Grounded in Middle America
Serving on the board of Chronicles: A Magazine of American Culture is a joy because of the relationships between its members. Sadly, when Mary Kohler passed away last spring, we lost one of the board’s great longtime members and a friend to Chronicles. She and her husband Terry hosted many board retreats at Windway, the family’s historic house near Kohler, the town founded around their family’s manufacturing company.
Mary was raised in the same town in which Chronicles was founded, Rockford, Illinois, a major manufacturing center and what became ground zero for one of the major consequences of the globalization of the United States: deindustrialization. She earned a geology degree from the University of Wisconsin, Madison; as a fellow geologist, this shared interest cemented our friendship.
Thomas Fleming, Chronicles Editor-in-Chief for 30 years, likely had Mary in mind when he wrote, “There’s no one wiser than a wise old woman.” For Mary, however, age was just a number, as she possessed high energy and an agile mind. Our board meetings would often include a full-day session of Fleming’s rants on the outrages du jour as well as former Chairman David Hartman’s extended lectures on why Europe’s Value Added Tax was really a tariff by another name. In the afternoons, Mary would rally the troops with a walking tour of the countryside around Windway. A careful student of the natural world, she would share her wealth of knowledge on the types of native plant species, the qualities of the soil nourishing her garden, and the intensity of Eastern Wisconsin’s growing season. It was a welcome second wind to carry us through our meetings and on to dinner, where we would enjoy high talk and higher laughter.
Publishing a principled, thoughtful print magazine like Chronicles is not easy, but the 1990s and 2000s were particularly tough. Its editors and writers had no friends within Conservatism Inc. Chronicles argued against ceaseless foreign wars, open borders, and academic hucksters and pointed out the foibles of offshoring U.S. manufacturing, degrading the environment, deficit spending, and consolidating political and monetary power in Washington, D.C., New York, and in the globalist capitals of Europe. They offered instead hopeful historical examples of how to think and act as free citizens in a republic, properly understood. How to sum it up nicely? Chronicles didn’t exactly follow the zeitgeist of the times.
Many wondered if Chronicles would survive. Who wanted to read about preserving and pursuing the good, the true, and the beautiful in the “little platoons” of America when neoconservatives like George W. Bush speechwriter David Frum, National Review Editor Rich Lowry, and Weekly Standard Editor Bill Kristol were having so much fun and profit attacking the Hitler-of-the-Week and safely snarking about the clownish-but-loveable Republicans?
Rather than joining the bandwagon for foreign wars or piling on easy targets, Chronicles dared to criticize these New York- and D.C.-approved elite “conservatives.” Writing in the pages of Chronicles didn’t exactly meet Dale Carnegie’s definition of winning friends and influencing people—nor was publishing such a pugnacious and uncompromising magazine an easy way to raise funds from the Yes-But-Less conservative crowd.

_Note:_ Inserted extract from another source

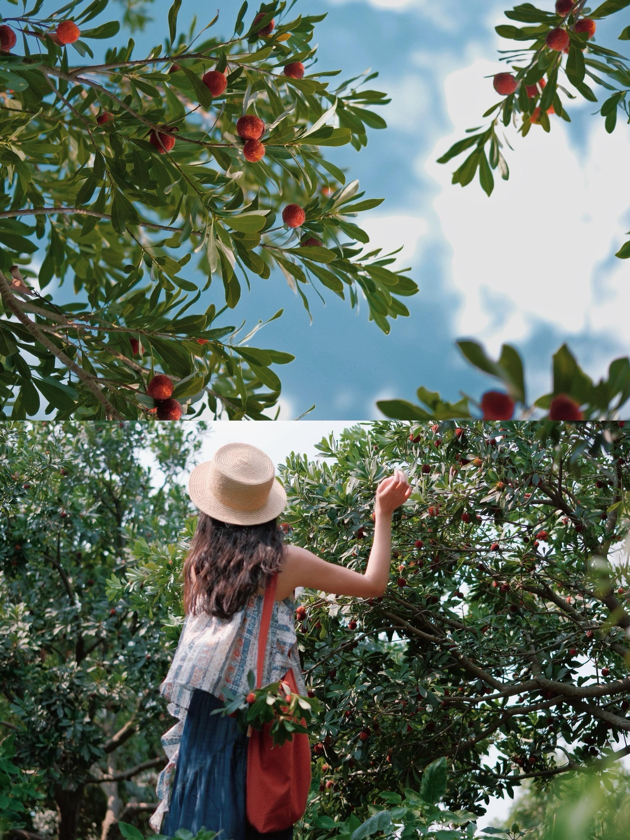 是盛夏的果实呀!❤️森系胶片电影感拍照。上次拍摘杨梅还是21年 这次终于又拥有了采摘的快乐啦~ 杨梅的季节 盛夏的果实❤️🌿 用镜头记录吧~ / 采摘季拍出夏日文艺胶片感吧~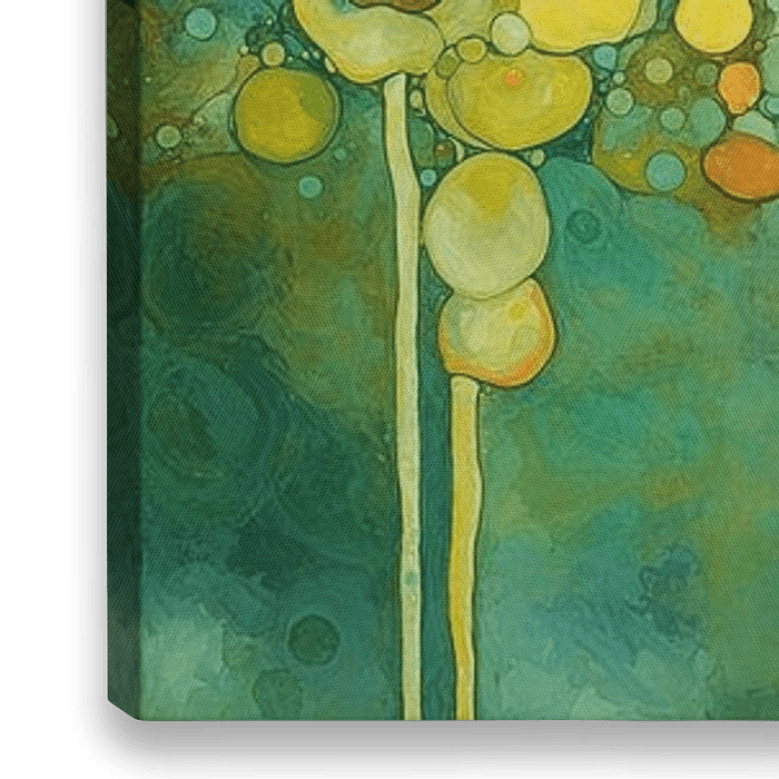 Herbst - Eine heitere Komposition abstrakter natürlicher Formen, die an ein Blumen- oder Laubfeld erinnern und in eine sanfte Palette von Gelb-, Orange- und Grüntönen getaucht sind. Die mehrschichtige Textur und die subtilen Farbabstufungen schaffen ein verträumtes und beruhigendes Ambiente.

Chronicles endured those times and emerged perhaps a bit poorer, but with its integrity intact. Since the advent of Donald Trump and America’s populist right, Chronicles has been recognized as having been right all along about where America was and where she was headed. I nearly wrecked my truck in January 2016 when I heard Rush Limbaugh devote an entire show to how Sam Francis predicted the rise of Trump 20 years earlier in Chronicles. Rooted in an understanding of human nature, the analysis one finds in our magazine is timeless.
Through all our struggles, Mary remained a steadying influence. Her Midwestern horse sense and calm resolve induced a sense of balanced confidence within the rest of us. It’s no exaggeration to say that Mary and Terry’s financial and emotional support proved critical to the ultimate success of Chronicles. Terry passed away in September 2016, but Mary soldiered on and would always say how grateful she was for her years with Terry. Together they spent countless hours on charitable pursuits, including ministering to and inspiring hundreds of married couples, as well as saving thousands of endangered birds, including, to my delight, the Whooping Crane, which visits my home in South Texas each winter.
I recently found a card Mary sent me for Epiphany in 2019. “My 90 years have apparently slowed me down,” she wrote, before relaying travels and activities that would overwhelm a much younger woman, including lavishing affection on four great-grandkids under her wing. “I still walk most days, do therapy, cook, read what you send me on the computer and delete lots of junk,” she wrote. She ended by asking me to pray “that Jesus will enter more hearts and bring wise thoughts, good families, health, and charity to all—especially those who are hurting.” On her behalf, I ask our readers to share those prayers as well.